Assignment:
Pictures stay out. All the rest of the records must be repeated exactly.
____________
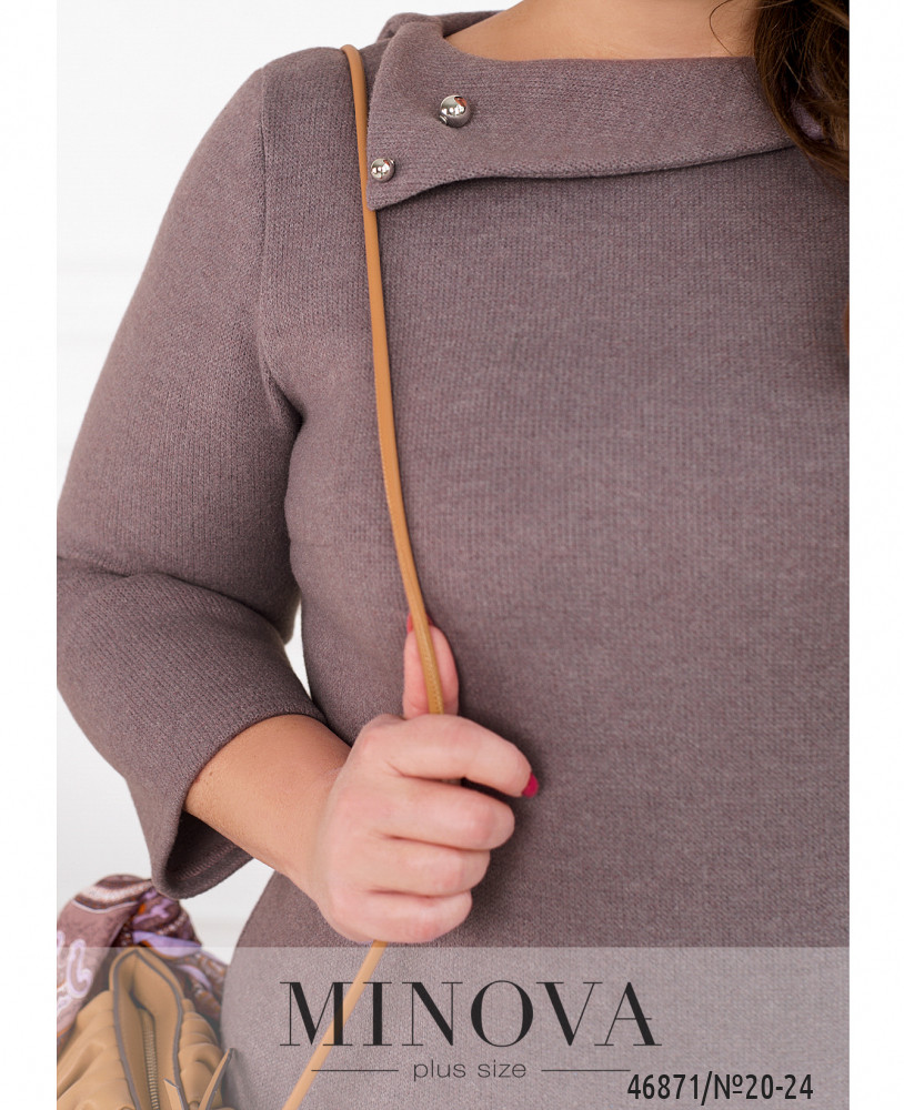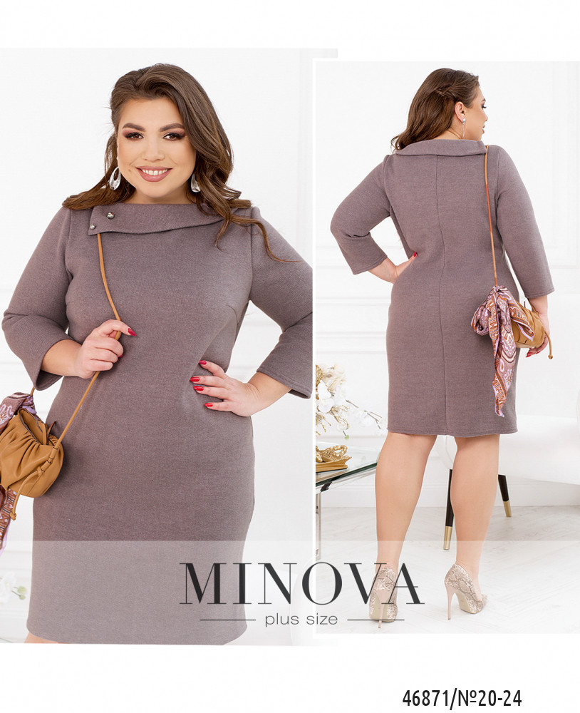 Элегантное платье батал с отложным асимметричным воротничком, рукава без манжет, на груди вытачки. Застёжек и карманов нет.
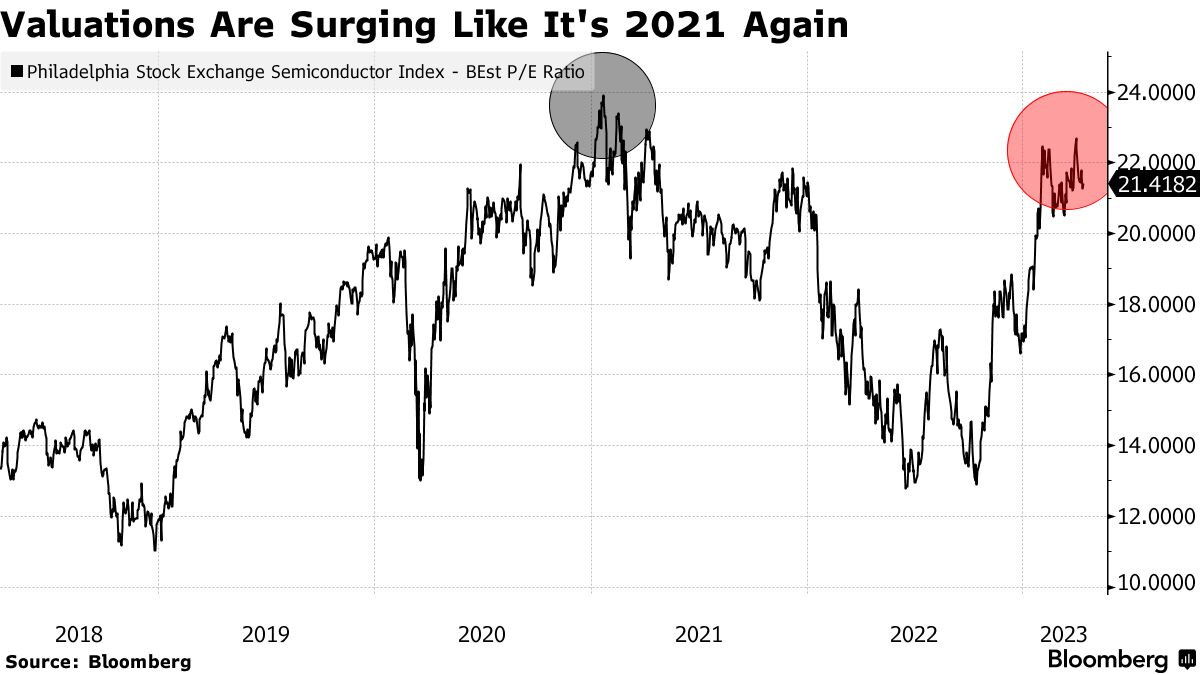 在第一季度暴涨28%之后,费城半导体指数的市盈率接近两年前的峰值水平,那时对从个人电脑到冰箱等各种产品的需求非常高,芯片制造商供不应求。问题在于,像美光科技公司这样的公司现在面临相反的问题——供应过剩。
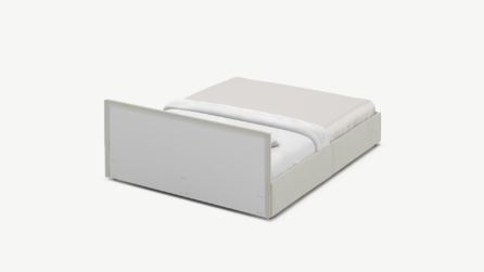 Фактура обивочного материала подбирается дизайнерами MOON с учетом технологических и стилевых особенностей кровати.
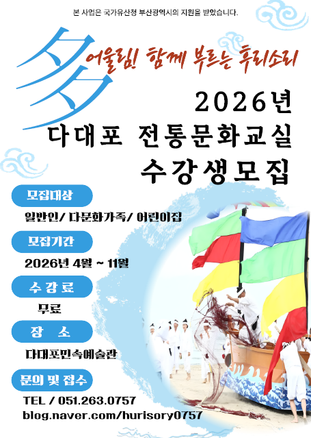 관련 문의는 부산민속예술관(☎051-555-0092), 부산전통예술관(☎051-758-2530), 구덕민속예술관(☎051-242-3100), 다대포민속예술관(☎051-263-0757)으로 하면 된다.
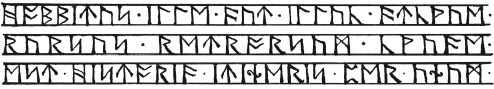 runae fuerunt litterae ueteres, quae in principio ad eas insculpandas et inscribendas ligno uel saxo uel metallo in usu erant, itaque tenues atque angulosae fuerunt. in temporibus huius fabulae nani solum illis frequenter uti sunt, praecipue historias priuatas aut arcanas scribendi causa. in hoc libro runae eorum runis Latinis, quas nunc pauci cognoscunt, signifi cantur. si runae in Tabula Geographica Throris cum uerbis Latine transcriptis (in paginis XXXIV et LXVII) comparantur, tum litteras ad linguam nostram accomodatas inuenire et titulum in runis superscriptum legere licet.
____________
Task output:
 Элегантное платье батал с отложным асимметричным воротничком, рукава без манжет, на груди вытачки. Застёжек и карманов нет.
 在第一季度暴涨28%之后,费城半导体指数的市盈率接近两年前的峰值水平,那时对从个人电脑到冰箱等各种产品的需求非常高,芯片制造商供不应求。问题在于,像美光科技公司这样的公司现在面临相反的问题——供应过剩。
 Фактура обивочного материала подбирается дизайнерами MOON с учетом технологических и стилевых особенностей кровати.
 관련 문의는 부산민속예술관(☎051-555-0092), 부산전통예술관(☎051-758-2530), 구덕민속예술관(☎051-242-3100), 다대포민속예술관(☎051-263-0757)으로 하면 된다.
 runae fuerunt litterae ueteres, quae in principio ad eas insculpandas et inscribendas ligno uel saxo uel metallo in usu erant, itaque tenues atque angulosae fuerunt. in temporibus huius fabulae nani solum illis frequenter uti sunt, praecipue historias priuatas aut arcanas scribendi causa. in hoc libro runae eorum runis Latinis, quas nunc pauci cognoscunt, signifi cantur. si runae in Tabula Geographica Throris cum uerbis Latine transcriptis (in paginis XXXIV et LXVII) comparantur, tum litteras ad linguam nostram accomodatas inuenire et titulum in runis superscriptum legere licet.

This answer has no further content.